[SUPPLIED DATA]
##############################
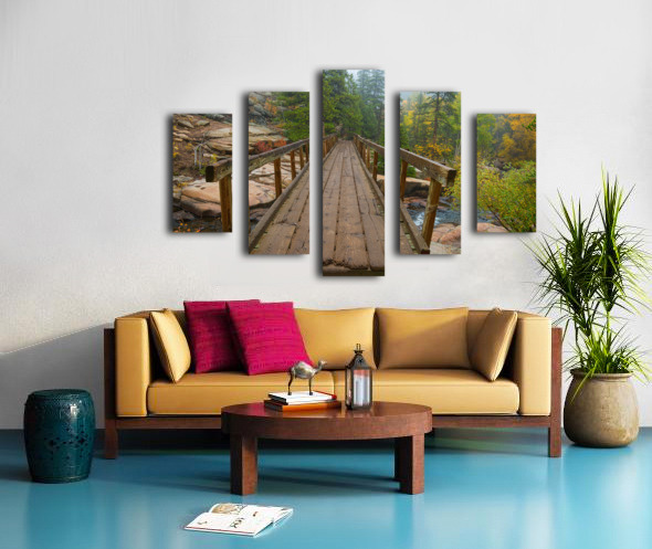 Rustic Wood Hiking Bridge Crossing Canvas print
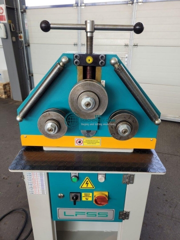 Shaft diameter: 50Rolls diameter: 155 mmDriven rolls: 2Motor power: 1.5 kWSpeed: 4 m/minFlat steel vertical position (section / min. diameter): 60x10 mm / 500 mm, 40x10 mm / 400 mmFlat steel horizontal position (section / min. diameter): 100x15 mm / 450 mm, 60 x 10 mm / 350 mmSquare bar (section / min. diameter): 35x35 mm / 900 mm, 20x20 mm / 300 mmRound bar (section / min. diameter): Ø 35 mm / 600 mm, Ø 30 mm / 400 mmTube (section / min. diameter): Ø 70x2 mm / 1.000 mm, Ø 30x2 mm / 500 mm, 2"x2,9 mm / 1.000 mm, 1"x2,3 mm / 350 mmForm tube vertical position (Querschnitt / min. Durchmesser): 70x30x2 mm / 1.200 mm, 50x40x3 mm / 1.200 mmForm tube square (section / min. diameter): 50x50x3 mm / 1.700 mm, 40x40x3 mm / 600 mmAngle leg outside (Querschnitt / min. Durchmesser): 50x50x5 mm / 800 mm, 40x40x5 mm / 600 mmAngle leg inside (section / min. diameter): 50x50x6 mm / 1.000 mm, 30x30x3 mm / 500 mmLength: 1050 mmWidth: 750 mmHeight: 1450 mmWeight: 390 kg
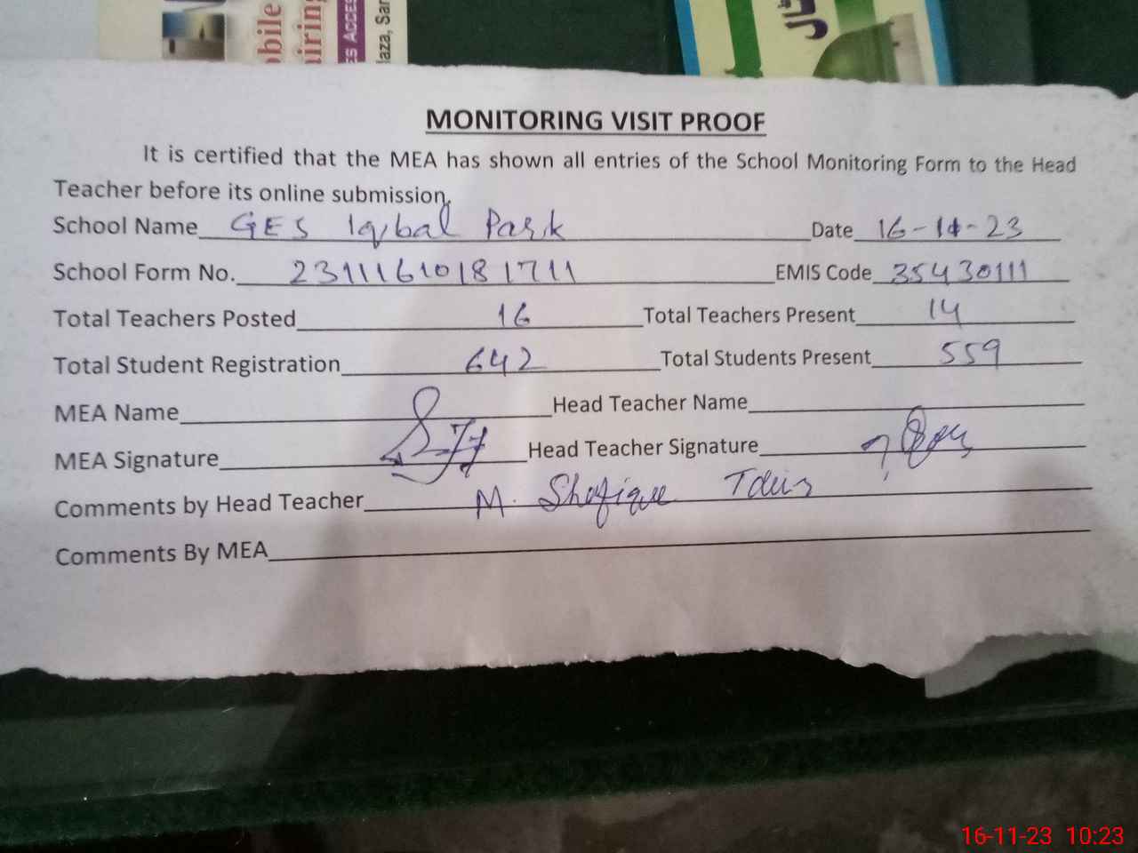 | EMIS Code: 35430111 | Name of School: GES MC ALLAMA IQBAL PARK | |||
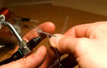 Since the tail is short and slender, it can be tied using almost any material you fancy. The original uses a hackle tip, and that makes good sense, since you have one on the hackle for every fly you tie. We have used Arctic fox in this version, which makes the tail a bit bushier, although it still has to be kept slim to be in harmony with the rest of the fly.
##############################
[WHAT THE TASK ASKS] The entire listing above is to be copied exactly, with all pictures omitted.

[OUTPUT FOR THIS EXERCISE]
 Rustic Wood Hiking Bridge Crossing Canvas print
 Shaft diameter: 50Rolls diameter: 155 mmDriven rolls: 2Motor power: 1.5 kWSpeed: 4 m/minFlat steel vertical position (section / min. diameter): 60x10 mm / 500 mm, 40x10 mm / 400 mmFlat steel horizontal position (section / min. diameter): 100x15 mm / 450 mm, 60 x 10 mm / 350 mmSquare bar (section / min. diameter): 35x35 mm / 900 mm, 20x20 mm / 300 mmRound bar (section / min. diameter): Ø 35 mm / 600 mm, Ø 30 mm / 400 mmTube (section / min. diameter): Ø 70x2 mm / 1.000 mm, Ø 30x2 mm / 500 mm, 2"x2,9 mm / 1.000 mm, 1"x2,3 mm / 350 mmForm tube vertical position (Querschnitt / min. Durchmesser): 70x30x2 mm / 1.200 mm, 50x40x3 mm / 1.200 mmForm tube square (section / min. diameter): 50x50x3 mm / 1.700 mm, 40x40x3 mm / 600 mmAngle leg outside (Querschnitt / min. Durchmesser): 50x50x5 mm / 800 mm, 40x40x5 mm / 600 mmAngle leg inside (section / min. diameter): 50x50x6 mm / 1.000 mm, 30x30x3 mm / 500 mmLength: 1050 mmWidth: 750 mmHeight: 1450 mmWeight: 390 kg
 | EMIS Code: 35430111 | Name of School: GES MC ALLAMA IQBAL PARK | |||
 Since the tail is short and slender, it can be tied using almost any material you fancy. The original uses a hackle tip, and that makes good sense, since you have one on the hackle for every fly you tie. We have used Arctic fox in this version, which makes the tail a bit bushier, although it still has to be kept slim to be in harmony with the rest of the fly.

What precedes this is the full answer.